Detection of the presence of sulfite ion as an acid radical in inorganic salts such as potassium sulfite.


Detection of the presence of sulfite as acid radical using specific chemical reagents.

Learning Objectives (ILO’s)

  • Define and differentiate between sulfite ions and other acid radicals through their chemical formulas.

  • Classify inorganic salts according to their acid radicals.

  • Compare between sulfite and other first group members in terms of chemical structures, properties and reactions.

  • Identify sulfite radicals containing salts experimentally.

  • Select the appropriate reagents to detect the presence of sulfite radical.

  • Balance the chemical equations of chemical reactions.

Theoretical Background/Context

Sulfite is the conjugate base of bisulfite.

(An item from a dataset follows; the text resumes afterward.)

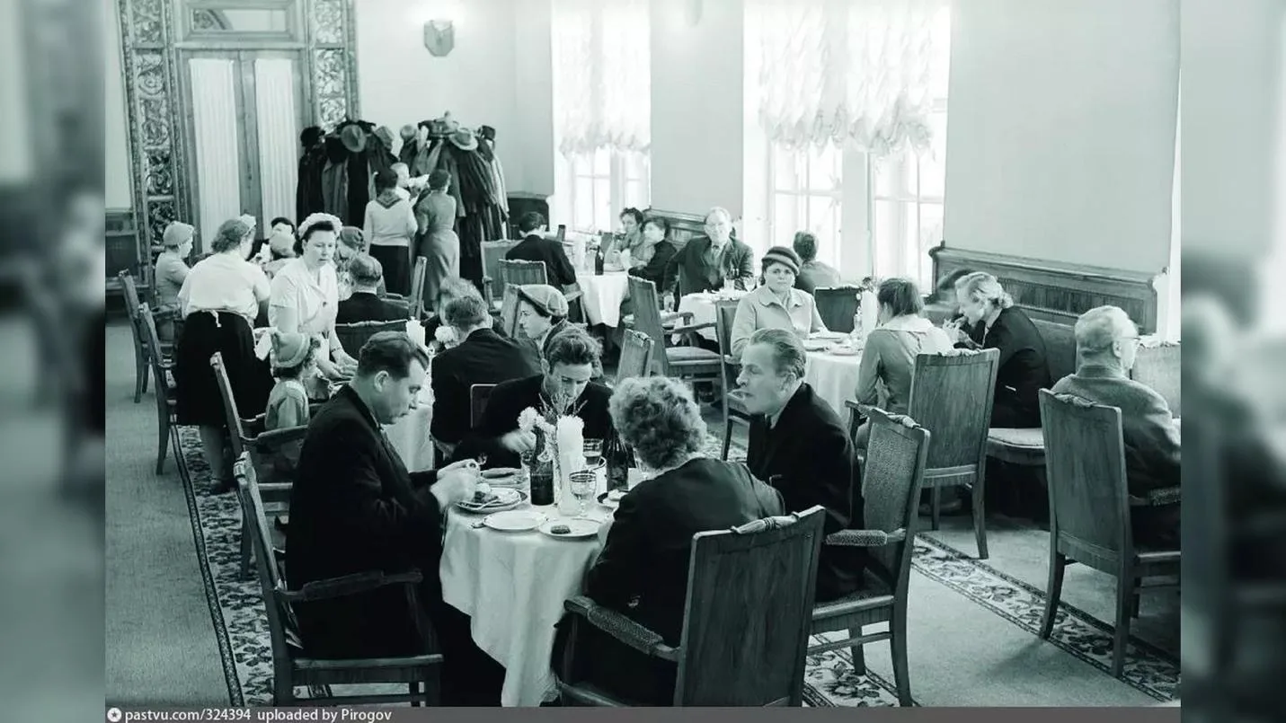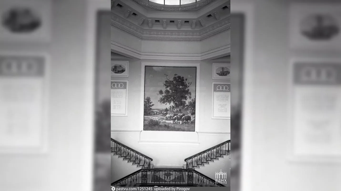 Одним из самых запоминающихся элементов старого павильона стал стеклянный ступенчатый купол. Это решение выглядело необычно даже на фоне других павильонов ВДНХ. На вершине размещался декоративный сноп, подчеркивающий сельскохозяйственную тематику. Но главным новаторством была организация пространства внутри. Центральный зал под куполом был круглым и включал декоративный фонтан. Вокруг него располагалась основная экспозиция. Боковые помещения использовались как торговые зоны, где посетители могли купить продукцию мясной промышленности. Фактически это был гибрид выставки и торгового пространства — редкое решение для своего времени. Более того, на крыше павильона работала закусочная с открытой террасой, куда можно было подняться по лестницам с двух сторон здания. Это превращало павильон в полноценное общественное пространство, а не просто выставочный объект.
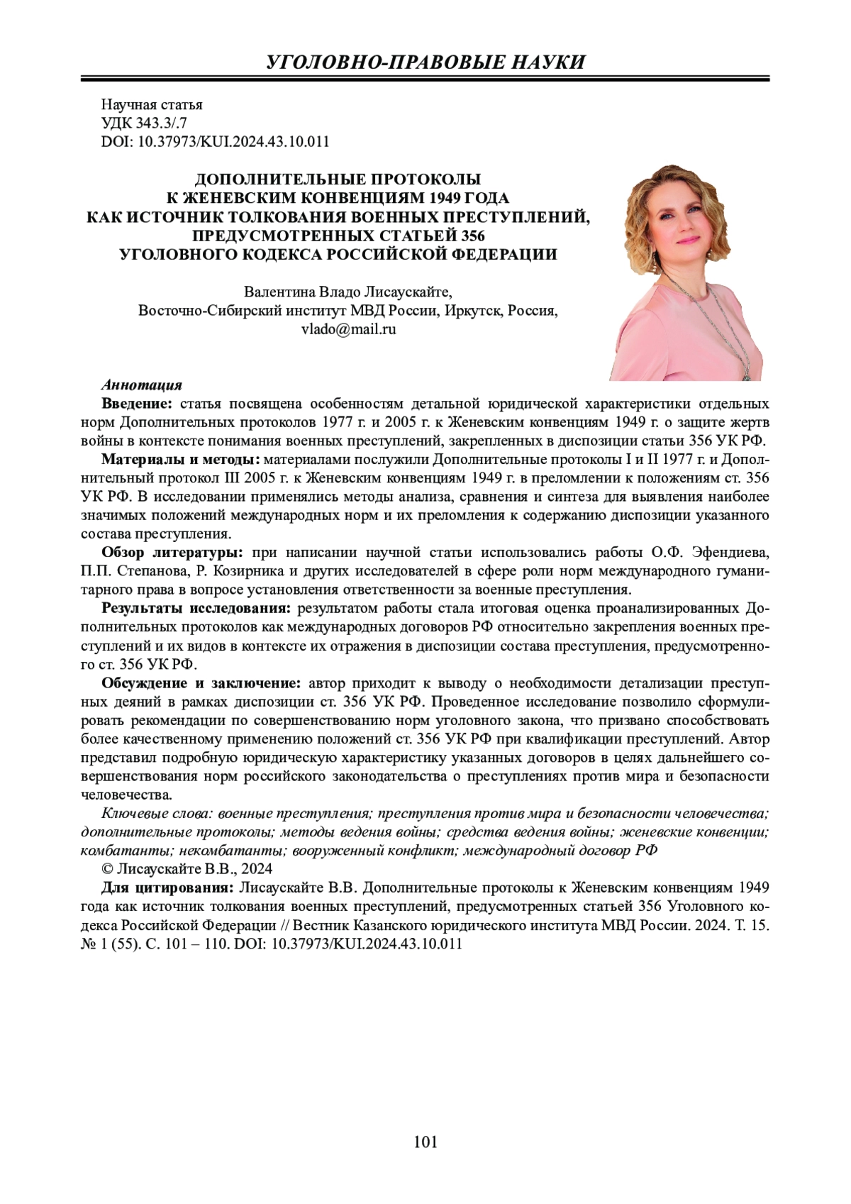 7. Лисаускайте В.В. Преступления со специфическим статусом по международному уголовному праву // Сибирский юридический вестник. 2010. № 2 (49). С. 107 - 115. EDN: LBWCFZ

Although sulfonic acid is not commonly available, its salts are highly abundant naturally in many foods and are commonly utilized as food additives.
Although sulfite ion is counted as a weak base, it undergoes hydrolysis to produce basic solutions.
SO32− (aq) + H2O (l) ↔ HSO3− (aq) + OH− (aq)
In the presence of an acidic solution, the equilibrium is shifted towards formation of sulfurous acid, leading to sulfur dioxide (SO2) gas evolution. Sulfur dioxide is a colorless gas with a characteristic pungent odor.
HSO3− (aq) + 2 H2O (l) ↔ H2SO3 (aq) + OH− (aq)
H2SO3 (aq) ↔ H2O (l) + SO2 (g)
Sulfite ions get oxidized easily upon exposure to oxygen in air.
 2 SO32− (aq) + O2 (g) ↔ 2 SO42− (aq)
Therefore, sulfite and sulfur dioxide could decolorize permanganate solution. Therefore, the reaction can be used to test for sulfur dioxide.
2MnO4− (aq) + 5SO2 (g) + 2H2O (l)  ↔ 5SO42− (aq) + 2Mn2+ (aq) + 4H+ (aq)
Sulfite anion possesses three equivalent resonating structures. Each of them has its sulfur atom bonded with one of its oxygen atoms via a double bond and possesses a zero formal charge  (neutral). The sulfur atom is bonded to the other two oxygen atoms through single bonds, where each oxygen atom carries a formal charge of 1− indicating the 2− charge on the entire sulfite anion. A non-bonded lone pair of electrons is located on the sulfur atom of the sulfite. Therefore, according to the VSEPR theory, the sulfite anion possesses a trigonal pyramidal configuration like ammonia (NH3).
The hybrid resonating structure of the sulfite anion possesses three equivalent S−O bonds as shown below.
Sodium, potassium and ammonium sulfite salts are water soluble, although most sulfite salts are water insoluble. On the other hand, all sulfite salts are soluble in acidic solution due to their basicity.
The sulfite ion is classified as a member of acidic radicals of the first group in which hydrochloric acid is used as the group reagent. Hydrochloric acid displaces sulfite ions in their salts leading to liberation of sulfur dioxide SO2 gas that could be detected using potassium dichromate paper.
In addition, soluble sulfite salts such as potassium sulfite could be detected through some confirmatory tests using silver nitrate solutions or lead acetate solutions since they react together forming silver sulfite or lead sulfite, respectively as a white precipitate. This returns back to the low solubility product of silver and lead sulfite salts so they precipitates very easily at very low concentrations.
Finally, iodine and permanganate tests are carried out as specific tests for detection of sulfite ions, where the sulfite ions decolorize both solutions owing to their reducing activity.

Principle of Work

In this experiment, sulfite ion in potassium sulfite is detected through some identification and confirmatory tests. In addition, these tests can be used to differentiate between the first anionic class and other acid radical classes. Moreover, confirmatory and specific tests are used to differentiate between presences of different members of the first class of anions.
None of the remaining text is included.